Johana stood there, snow piling on the edge of the umbrella, waiting for him to notice her.

He didn't. He just kept talking, his thumb swiping across the screen of his phone.

Finally, he ended the call. He looked up. His eyes were a pale, piercing blue. They landed on her, and he frowned.

"Who are you?" he asked. His voice was flat, devoid of any curiosity.

Johana bristled. "I'm Johana Neal. The new tutor. I just finished interviewing with Mrs. Black."

His gaze moved down. He looked at her damp hair, her red nose, the cheap boots that were leaving wet marks on the pristine driveway. His lip curled slightly.

"Do they let high schoolers interview for jobs now?" he asked, not to her, but to the driver. "Or is this some new intern program?"

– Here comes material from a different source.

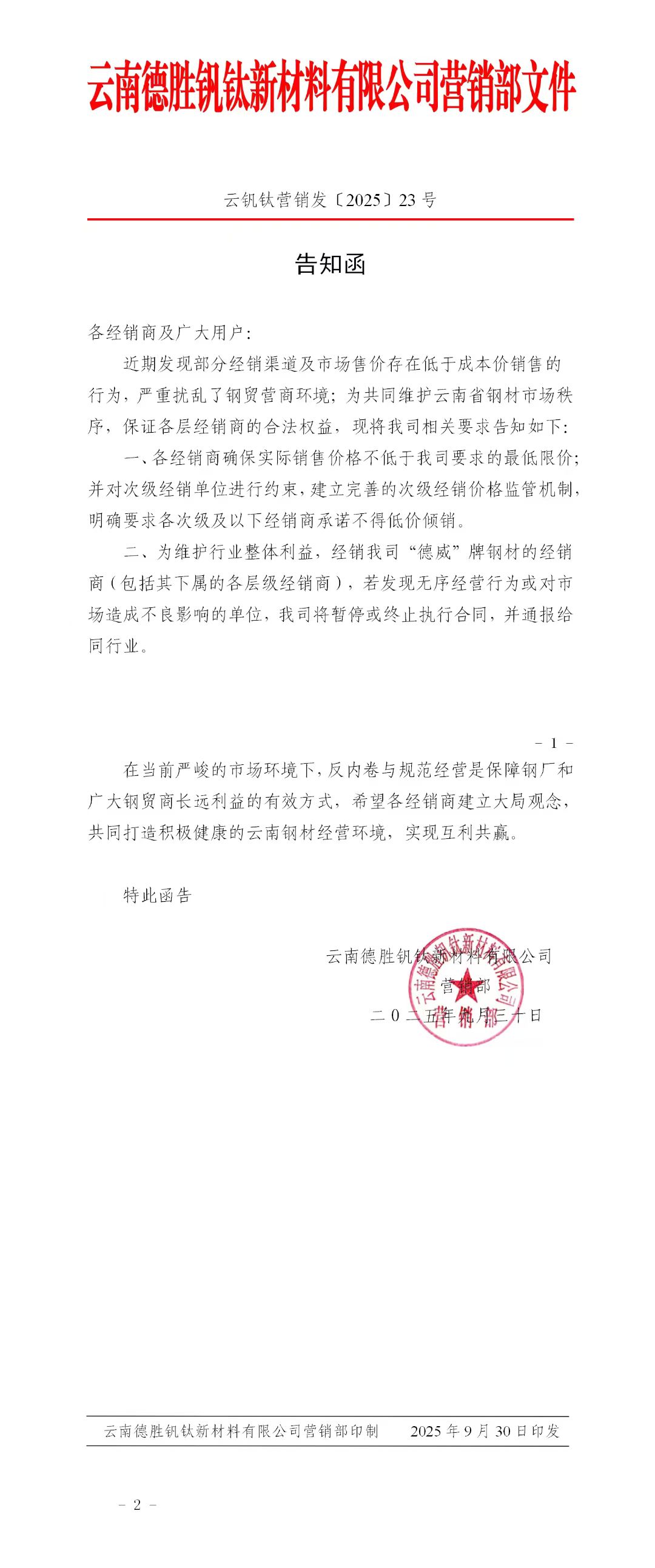 - 快讯:云南德胜钒钛新材料有限公司发布“反内卷”告知函2025/9/30

Johana's face burned. The cold suddenly felt worse. "I'm a student at Georgetown University, sir. A senior."

He didn't seem to hear her. He pressed a button, and the window slid back up, sealing him inside the warm, quiet luxury.

Johana stood there, her mouth open, the humiliation settling in her stomach like a stone. She had never been spoken to like that. Like she was dirt on his shoe.

The car didn't move. The front door of the house opened again. Arthur hurried out, holding a large black golf umbrella over his head.

"Miss Neal," Arthur said, his voice a little breathless. "Mrs. Black asked me to tell you that there are no cars available. She wants to arrange a driver for you."

Johana glared at the tinted window of the Bentley. "Is that his idea?"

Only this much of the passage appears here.